**Work order**
Look below for the line that has "iPhone 12 Pro"; output exactly from it through the line that has "Tavolo Design in", and leave the pictures out.

**Material shown**
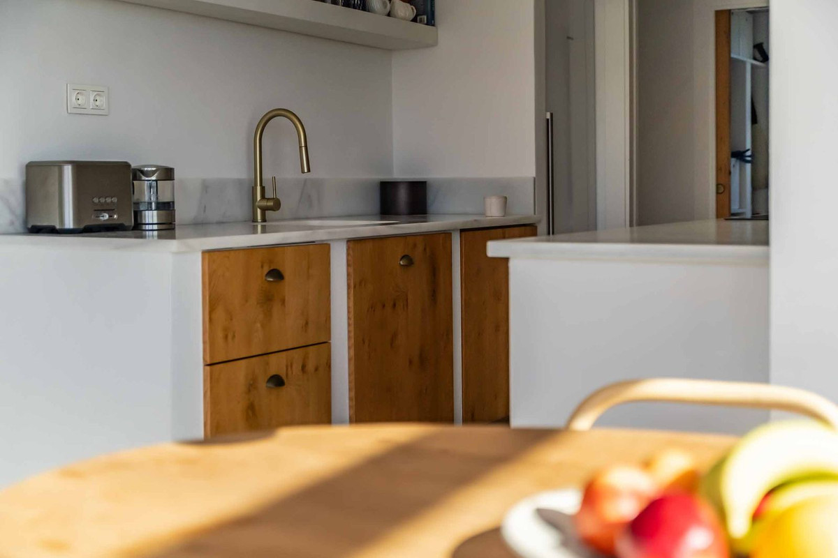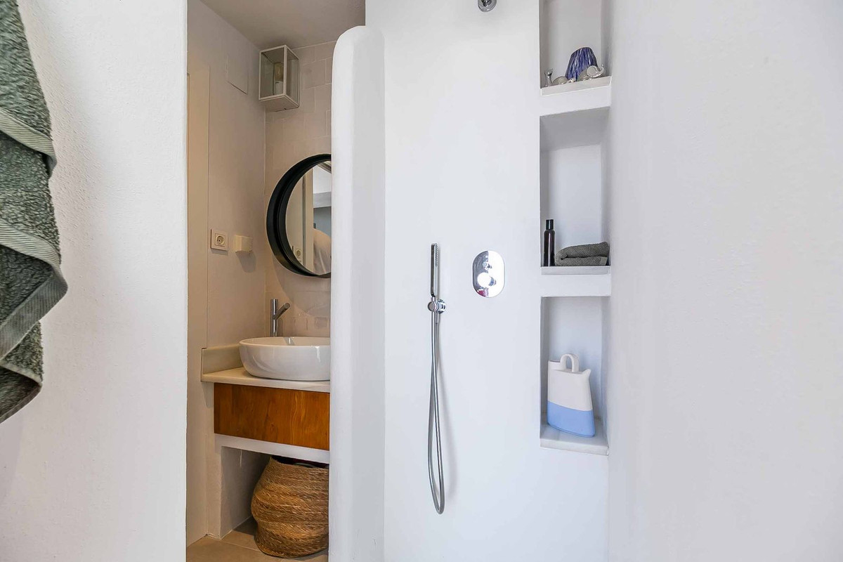 The main house features a bright and spacious living area with large windows and direct access to the sunny terrace, where you can enjoy uninterrupted sea views and the warm Andalusian light throughout the day. The modern, fully fitted kitchen is designed for both aesthetics and functionality, making it ideal for homeowners who enjoy cooking and entertaining.
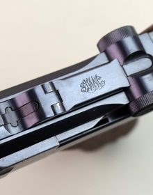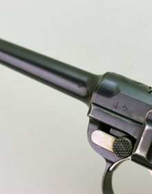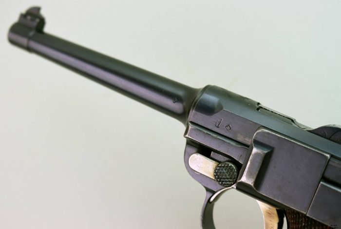 Condizioni ottimee per questa Luger DWM (Deutsche Waffen- und Munitionsfabriken Aktiengesellschaft) modello 1900/06 o “Croce nel Sole” militare facente parte del secondo lotto di consegna da parte dei tedeschi nel 1907 (1500 pezzi con matricole tra 5601 e 7100). Brunitura originale, canna a specchio con rigature molto ben definite. Le parti dorate ancora ben chiare e lucenti, monomatricola (non le guancette) e con il corretto punzone dell’Ispettore Capo Maggiore Vogelsang (che rimarrà in servizio fino al 1913) a fianco della croce di Ginevra. Appena sopra ponticello, sotto la matricola, è presente un “P 34” la marcatura di privatizzazione nel 1934. Sicura dorsale assente per una maggiore immediatezza nel tiro. Caricatore corretto con inserti metallici. Calibro 7,65 Pb. Ottimo pezzo per collezione a tema.
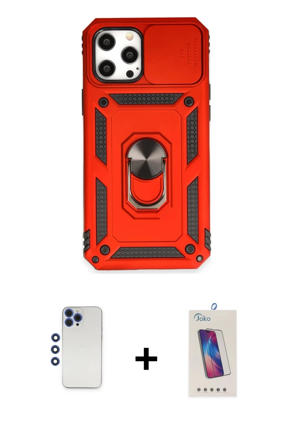 iPhone 12 Pro Max Kılıf Ahenk Klasik - Siyah Joko 5D Cam + Lacivert Shine Kamera Lens
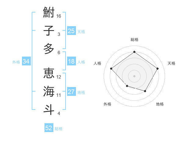 鮒子多 恵海斗さんを姓名の画数から五運を鑑定
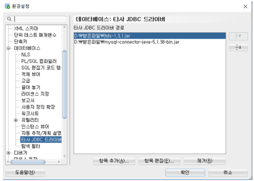 - JDBC 드라이버 다운로드는 각 Database 홈페이지 참고
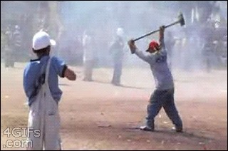这抡大锤的也太大意了,差点开瓢,扶钢千的也大意
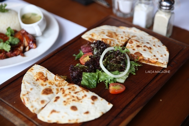 Ayam di balik tortilla ini terasa lebih hangat dari biasanya. Rempah-rempahnya lebih terasa. Terdapat empat potong quesadilla dalam satu porsi. Isinya yang tebal sebenarnya terasa cukup mengenyangkan untuk dijadikan makanan pembuka.
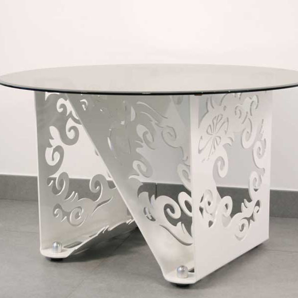 Tavolo Design in metallo verniciato – è realizzato in METALLO VERNICIATO E CRISTALLO RIFLETTENTE GRIGIO interamente PRODOTTO IN ITALIA con la tecnologia del TAGLIO LASER E del TAGLIO AD ACQUA . La durevolezza del materiale e la pregiata finitura testimoniano un artigianato MADE IN ITALY.
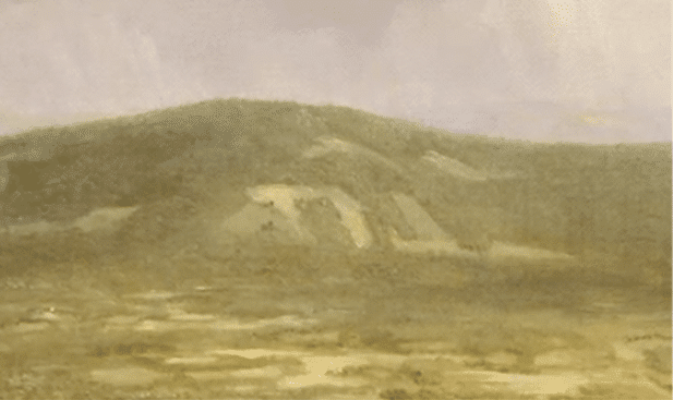 Nothing in Cole’s work is coincidental; his use of allegorical symbolism in his major paintings is well known. Why a question mark? Cole is registering his unease with the stark contrast and lack of integration between the “untouched, virgin land” (once emptied of its millions of prior inhabitants) and what “civilized man” is doing to it. Unnoticed for a hundred years, on the distant hillside Cole painted the three Hebrew letters that spell out the word for Almighty (Shaddai), the most frequently used and most reverential of the (pronounceable) Biblical names for God.
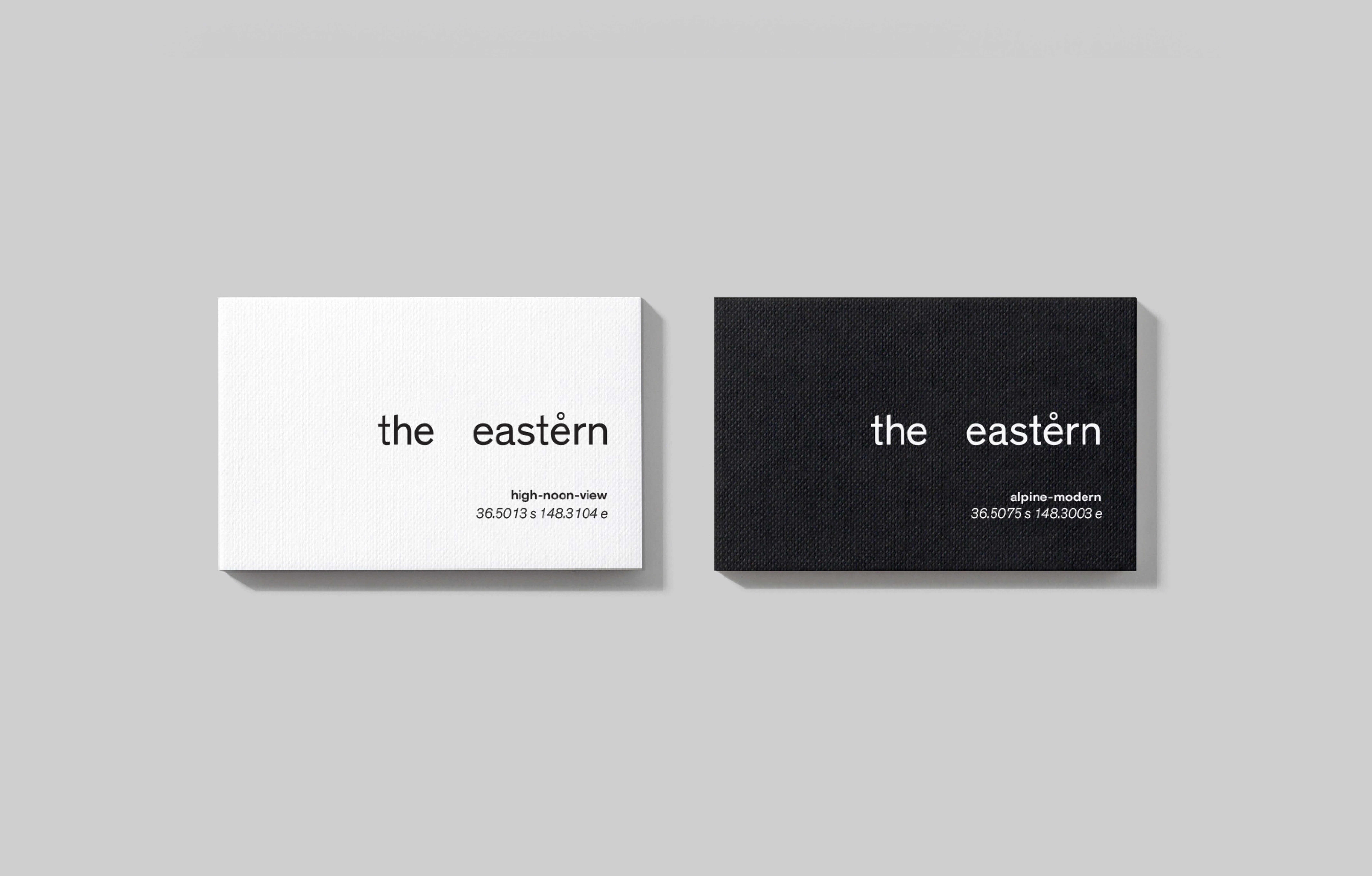 Located on the eastern edge of Thredbo Village, The Eastern is a boutique accommodation offering made up of two architecturally designed cabins – crafted with the modern, design-savvy traveller in mind. Our task was to develop a brand identity that felt minimal yet clever, something that would resonate with a sophisticated audience seeking style, comfort, and a strong sense of place. The branding plays on subtle cues: the exaggerated spacing between the words draws focus to the east, while the degree symbol serves as a quiet nod to the property’s unique location. It’s a refined identity that mirrors the essence of the cabins themselves – purposeful, elevated, and effortlessly elegant.
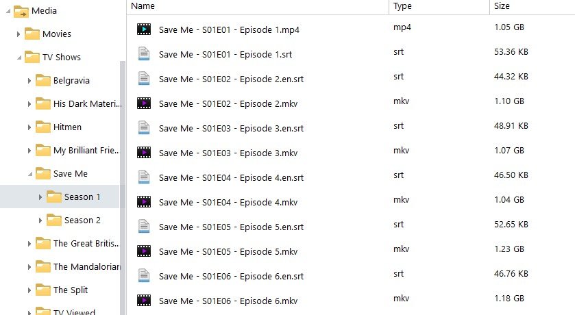 dwestenk 1 Posted November 9, 2020 Author Posted November 9, 2020 6 minutes ago, Happy2Play said: What is the library structure, Library-Show-Episodes or Library-Show-Season x-Episodes? The structure is Media | TV Shows | Save Me | Season 1 | Episodes
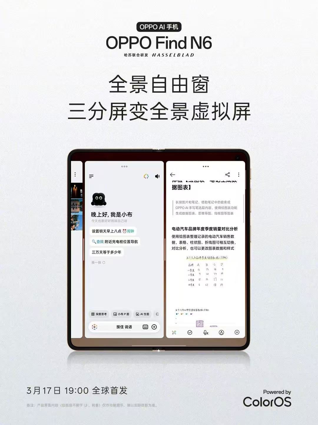 想法一触即发,落笔顺手搞定!OPPO Find N6这次搭载上了OPPO AI 手写笔,提笔就用,一按速记,灵感不拖延,从记录到创作一气呵成。全景自由窗至多支持 4 个应用同屏并行,无极调节,想怎么分就怎么分。大屏交互智能又高效,“折叠最强分屏王” 比电脑更灵活,堪称行走的办公室。更惊喜的是,跨生态协同无缝衔接;Find N6 深度适配苹果全家桶,AirPods、Apple Watch 原生级互联,iPhone 通信共享、Mac 远控投屏… 多端流转无痛体验,果粉换机也不用担心不适应了!

**Written solution**
 iPhone 12 Pro Max Kılıf Ahenk Klasik - Siyah Joko 5D Cam + Lacivert Shine Kamera Lens
 鮒子多 恵海斗さんを姓名の画数から五運を鑑定
 - JDBC 드라이버 다운로드는 각 Database 홈페이지 참고
这抡大锤的也太大意了,差点开瓢,扶钢千的也大意
 Ayam di balik tortilla ini terasa lebih hangat dari biasanya. Rempah-rempahnya lebih terasa. Terdapat empat potong quesadilla dalam satu porsi. Isinya yang tebal sebenarnya terasa cukup mengenyangkan untuk dijadikan makanan pembuka.
 Tavolo Design in metallo verniciato – è realizzato in METALLO VERNICIATO E CRISTALLO RIFLETTENTE GRIGIO interamente PRODOTTO IN ITALIA con la tecnologia del TAGLIO LASER E del TAGLIO AD ACQUA . La durevolezza del materiale e la pregiata finitura testimoniano un artigianato MADE IN ITALY.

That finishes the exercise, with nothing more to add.